The Gaming Inspection and Coordination Bureau of Macau released the casino revenue data in May, which showed a yearly growth of 9.3% but fell short of analyst expectations of 13-15%. In response to the news, Macau-gaming-related stocks, such as Las Vegas Sands (NYSE:LVS), Wynn Resorts (NASDAQ:WYNN) and MGM Resorts (MGM) plunged around 2%-6% in the last trading session. Although some people may consider that the price decline was overdone since the revenue growth still maintained at a high single-digit percentage, smart money, in my opinion, should launch short positions in these stocks or at least stay on the sidelines in the next few months, based on the following reasons:
1) Impact of Beijing's efforts to combat corruption and money laundering
Casino revenue data in May is an alarming signal echoing previous investor concerns over the impact of the crackdown of corruption and money laundering on the casino operations. Under the leadership of President Xi, the China government has been committed to combating these illegal activities and has implemented strict measures in Macau from time to time, such as requiring monthly reports from casinos and junkets on suspicious transactions and players. Since then, the number of high rollers and government officials who used to be spotted betting millions has dwindled. In addition, China UnionPay, an issuer of credit cards, recently shut down the illegal use of cards and POS terminals in Macau, restricting touts in the mass halls of casinos from helping gamblers to access cash from their cards through bogus purchase transactions. Such measures contributed to the below-expectation casino revenue growth in May. According to the Congressional-Executive Commission on China, there are "ill-gotten" funds worth of $202 billion channeling through Macau each year. As an effective means to combat corruption and money laundering, more policies pinpointing Macau casinos can be expected from the Beijing government.
2) June data could be a big miss due to the World Cup
World Cup could definitely keep gamblers away from casinos and the market seems underestimating this World Cup effect which poses the threat of first yearly revenue decline in the past five years. In 2010, the Macau gaming revenue suffered a 20% monthly fall during the World Cup period. If the gaming revenue experiences the same percentage drop in this June, it could amount to MOP25.9 billion (80% of MOP32.4 billion), representing an 8% yearly decline from MOP28.3 billion in June 2013. The negative figure could possibly stun the market and create huge downward pressure on the stock prices in the sector.

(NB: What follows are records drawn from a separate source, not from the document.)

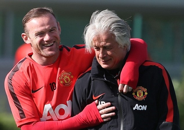 | Đội trưởng Rooney tỏ ra rất thân mật với trợ lý HLV Marcel Bout. |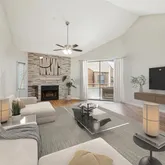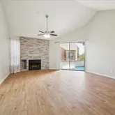 fireplace and private balcony. Very quiet complex with many long-term neighbors. Sparkling pool was just redone including all new pool furniture, complete roof replacement...Charming 3rd floor, 1 bedroom unit with vaulted ceiling and has been recently updated. Wood-look tile floors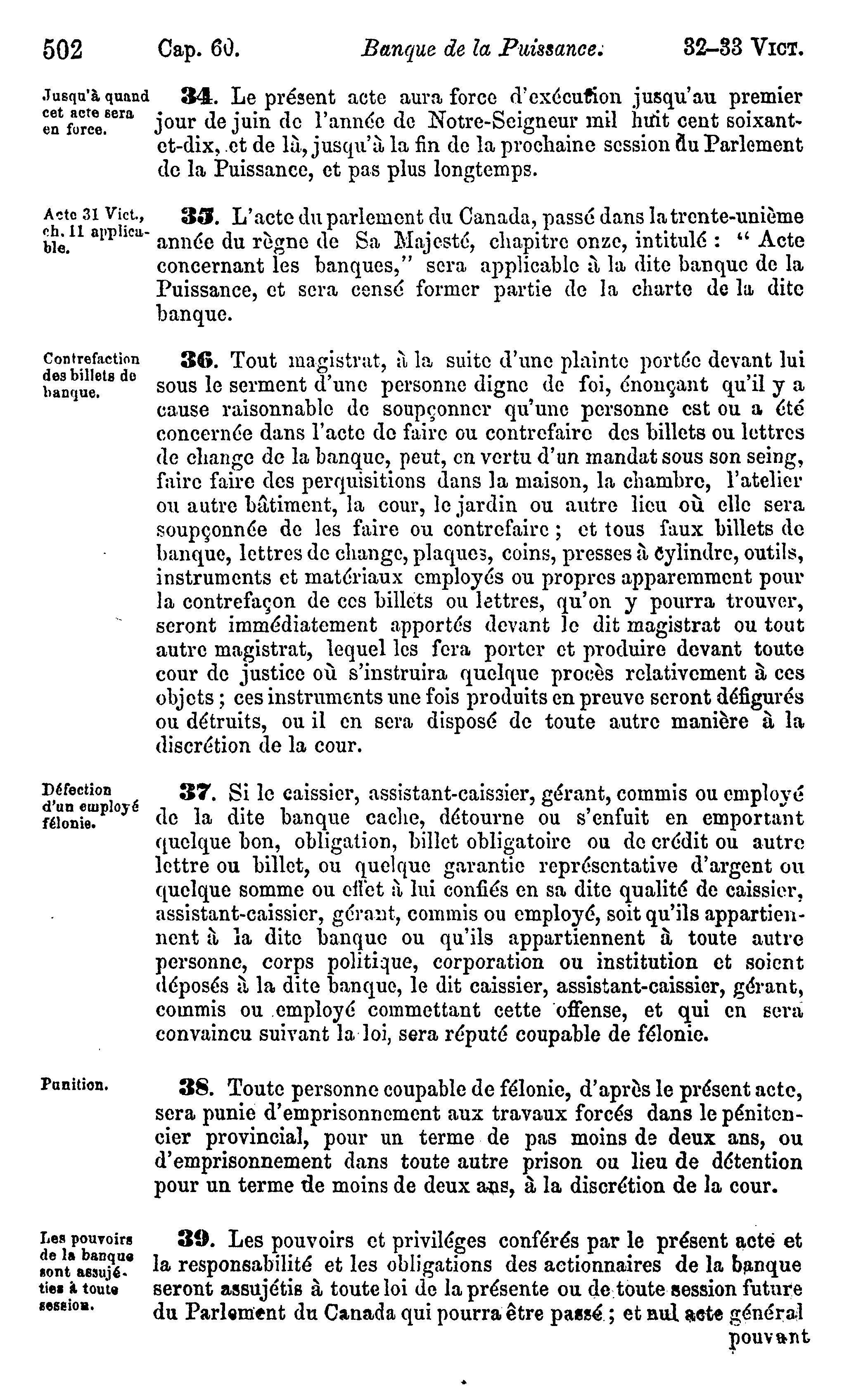 Statuts du Canada passés dans la session tenue dans les trente-deuxième et trente-toisième année du règne de Sa Majesté la Reine Victoria, étant la seconde sesson du premier parlement du Canada : commencée et tenue à Ottawa le quinzième jour d'avril 1869, et ajournée par prorogation le vingt-deuxième jour de juin, dans la même année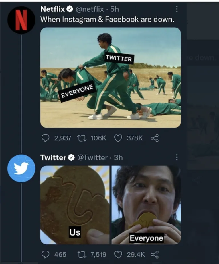 While Facebook, Instagram, and WhatsApp were down, every other business took that as a sign to say ‘hi’… on Twitter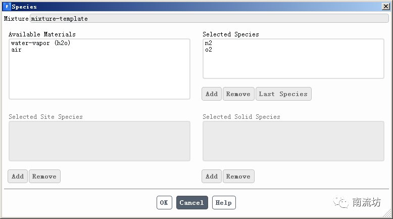 设置混合物,在属性中单击Mixture Species旁的Edit按钮,设置混合物组分。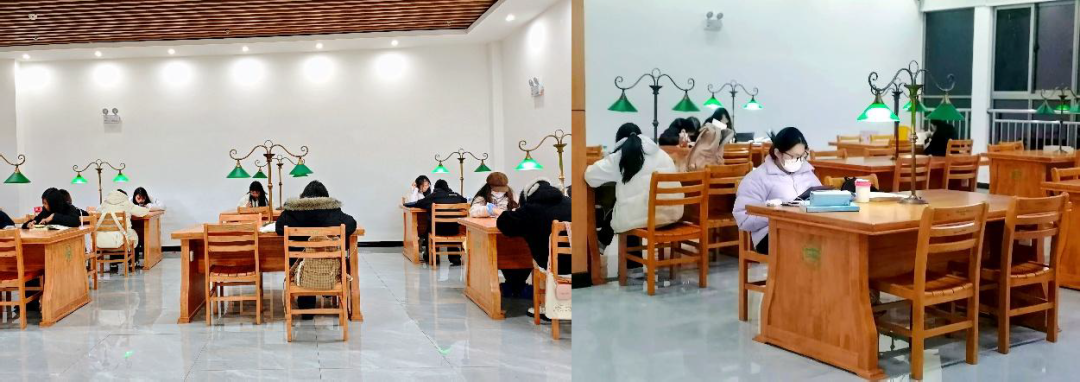 图书馆内,原木桌椅旁的灯光温柔洒落,楚医学子们伏案苦读,将零散的知识点细细梳理。笔尖划过纸张的沙沙声,与身旁同伴的专注神情交织,构成了备考季里最动人的画面。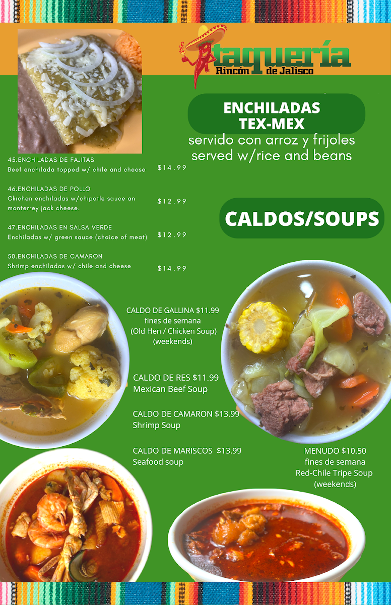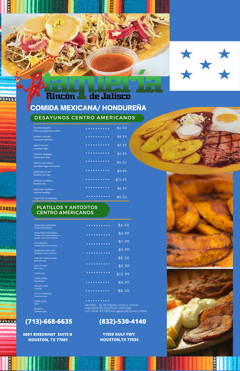 With such a broad menu, Taqueria El Rincon De Jalisco truly offers a taste of authentic Mexican and Honduran flavors, making it a go-to spot for anyone craving traditional dishes or a hearty, flavorful meal. Whether you’re in the mood for a quick taco or a full-course feast, this restaurant has something for everyone.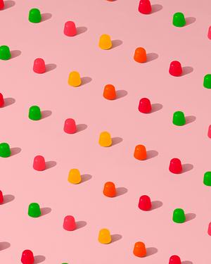 A repeating pattern of Dots Gum Drops candy on a pink background.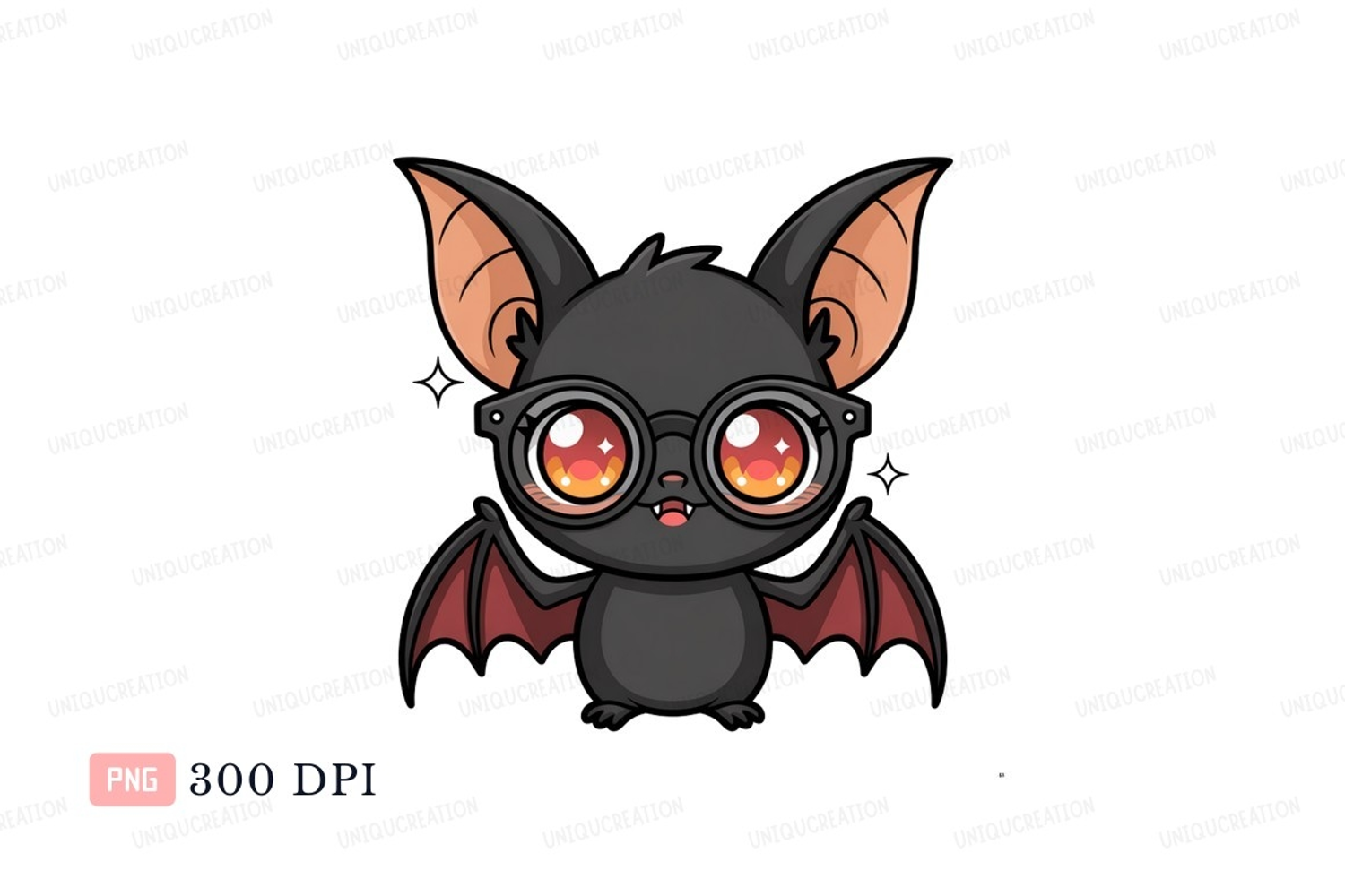 Illustration Cartoon Animal Black Cute Orange Bat Glasses Wings Kawaii

3) More unfavorable policies to come, without positive catalysts
According to Southern Metropolis Daily, the Macau government is studying the possibility to place a measure starting from this July to shorten the number of days mainland transit visitors allowed to stay in Macau from 7 days to 3-5 days. Moreover, the smoking ban in the mass halls of casinos will be enacted in October, which may largely reduce the time of smokers staying at gaming tables, or may give gamblers time and opportunities to consider leaving during smoking breaks. On the other hand, the legislative bill that would legalize casino gambling in Japan is only expected to be passed in an extraordinary session in the autumn. Therefore, I do not see any substantial catalysts that can force a rebound of the sector in the next few months.
4) Weak price action
(Source: Finviz.com)
Since March 2014, both of the above charts have experienced turnarounds and established clear downtrends. Despite the historical highs achieved by DIA and SPY during the same period, both LVS and WYNN were generating negative returns for their investors. LVS has been unable to break the downward trend line (lower highs), while WYNN failed to break the resistance at $220 with its release of impressive 2014Q1 results. The RSI of both stocks remained under 50 most of the time since the beginning of March. If DIA and SPY start to consolidate from their peaks, it is highly probable that the price action of LVS and WYNN would become even weaker and their downtrend would be sustained. Do not trade against the trend. For long-term investors who believe in the fundamentals and the growth story of the companies, it is wiser to wait until a clearer picture is revealed at the release of June Macau casino revenue data and their Q2 results.
Final remarks
Total revenue | Revenue from Macau operation | Percentage | |
LVS | 4.01 | 2.72 | 68% |
WYNN | 1.51 | 1.13 | 75% |
MGM | 2.60 | 0.94 | 36% |
(Source: Press release of 2014Q1 financial results, in billions)
LVS and WYNN generated 68% and 75%, respectively, of their revenues from Macau for the first quarter ended 31 March 2014. Meanwhile, Macau is their most important engine for business growth. In case Macau's casino revenue is suffering a downturn, their financial results of 2014Q2 will be severely affected. In my belief, short positions would reap a considerable profit in the next months.
Disclosure: I have no positions in any stocks mentioned, but may initiate a short position in LVS, WYNN over the next 72 hours. I wrote this article myself, and it expresses my own opinions. I am not receiving compensation for it (other than from Seeking Alpha). I have no business relationship with any company whose stock is mentioned in this article.